**DATA TO USE**

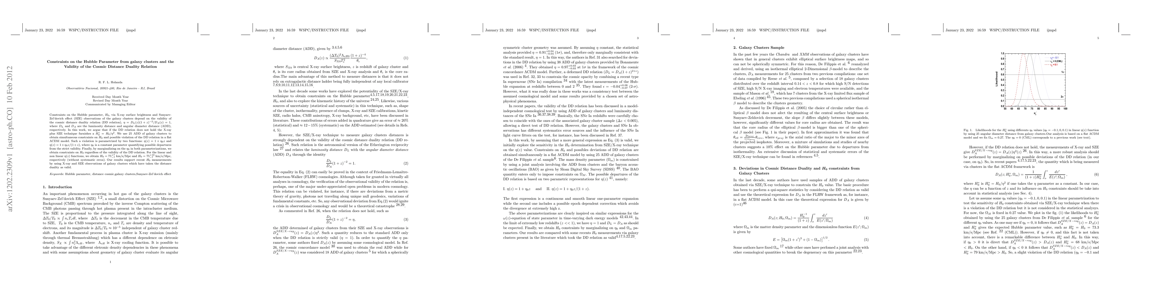 Researchers used X-ray surface brightness and Sunyaev-Zel'dovich effect observations of galaxy clusters to constrain the Hubble parameter $H_0$, finding a value of $75^{+ 7}_{-7}$ km/s/Mpc with potential departures from the cosmic distance duality relation.
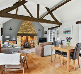 Sitting/Dining Room - with vaulted ceiling, feature fireplace with wood burning stove, two French doors to garden, engineered oak floor.
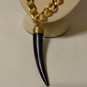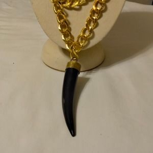 Gold Chain & Bone Horn Pendent Statement Necklace
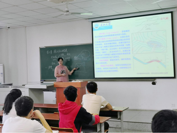 石油系林小云教授给资工(油光)21801班上了一节《石油与天然气地质学》专业课,石油系十余名青年教师到场随堂听课和教学观摩。
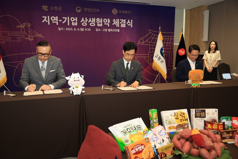 고창군이 4일 오전 고창군 웰파크호텔에서 행정안전부, 롯데웰푸드와 ‘지역 상생발전을 위한 업무협약’을 체결했다. 협약식은 심덕섭 고창군수, 김민재 행정안전부 차관, 배성우 롯데웰푸드 마케팅본부장을 비롯한 실무 관계자들이 참석한 가운데 진행됐다.
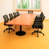 Mesa reuniones 10-12 Personas. Sobre con corte recto, elaborado en madera aglomerada de 18mm de grosor, con los cantos enchapados. Bases elaboradas en madera aglomerada de 18mm de grosor, cantos enchapados . Posibilidad de poner pasa cables. Medidas de 3,40 mts de largo x 1.20 cms de ancho x 77cms de alto. Color cerezo o peral. Esta mesa la cubierta es dividida en dos partes para su transporte e instalación
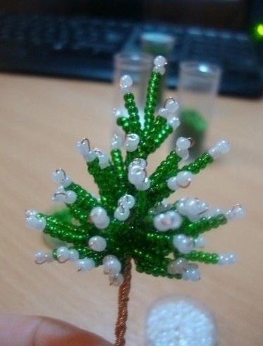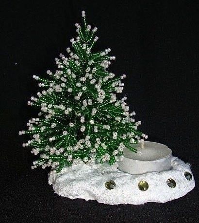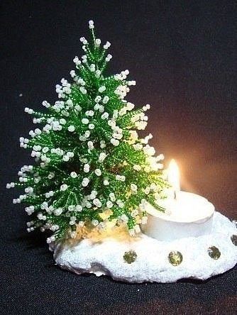 Мастер-класс по снежной елочке из бисера поможет украсить рабочий стол или любую другую поверхность.
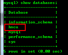 use hncu; //打开“hncu”这个数据库 show tables; //显示当前数据库的所有表名
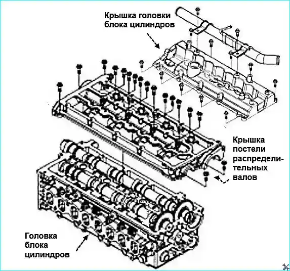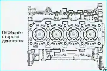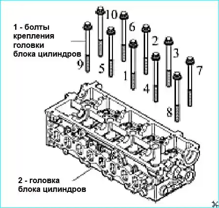 - - Поочередно ослабить и отвернуть десять болтов крепления головки блока цилиндров к блоку цилиндров, и затем снять головку блока цилиндров двигателя.
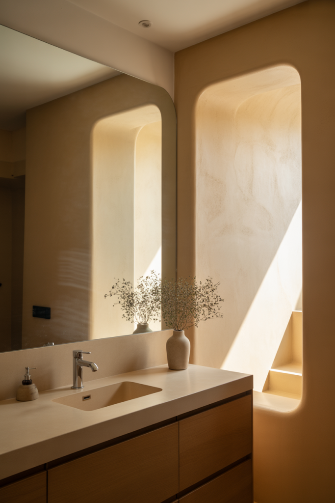 Experts note that organic forms help reduce visual stress, especially in high-use spaces like bathrooms. This makes the style ideal for busy households. The insight here is psychological: softer lines subconsciously encourage relaxation, making mornings and evenings feel less rushed.

**TASK TO CARRY OUT**
Nothing but the lines from the line containing "Mesa reuniones 10-12" through the last line of the listing above should appear, output exactly, with no pictures.

**OUTPUT OF THE TASK**
 Mesa reuniones 10-12 Personas. Sobre con corte recto, elaborado en madera aglomerada de 18mm de grosor, con los cantos enchapados. Bases elaboradas en madera aglomerada de 18mm de grosor, cantos enchapados . Posibilidad de poner pasa cables. Medidas de 3,40 mts de largo x 1.20 cms de ancho x 77cms de alto. Color cerezo o peral. Esta mesa la cubierta es dividida en dos partes para su transporte e instalación
 Мастер-класс по снежной елочке из бисера поможет украсить рабочий стол или любую другую поверхность.
 use hncu; //打开“hncu”这个数据库 show tables; //显示当前数据库的所有表名
 - - Поочередно ослабить и отвернуть десять болтов крепления головки блока цилиндров к блоку цилиндров, и затем снять головку блока цилиндров двигателя.
 Experts note that organic forms help reduce visual stress, especially in high-use spaces like bathrooms. This makes the style ideal for busy households. The insight here is psychological: softer lines subconsciously encourage relaxation, making mornings and evenings feel less rushed.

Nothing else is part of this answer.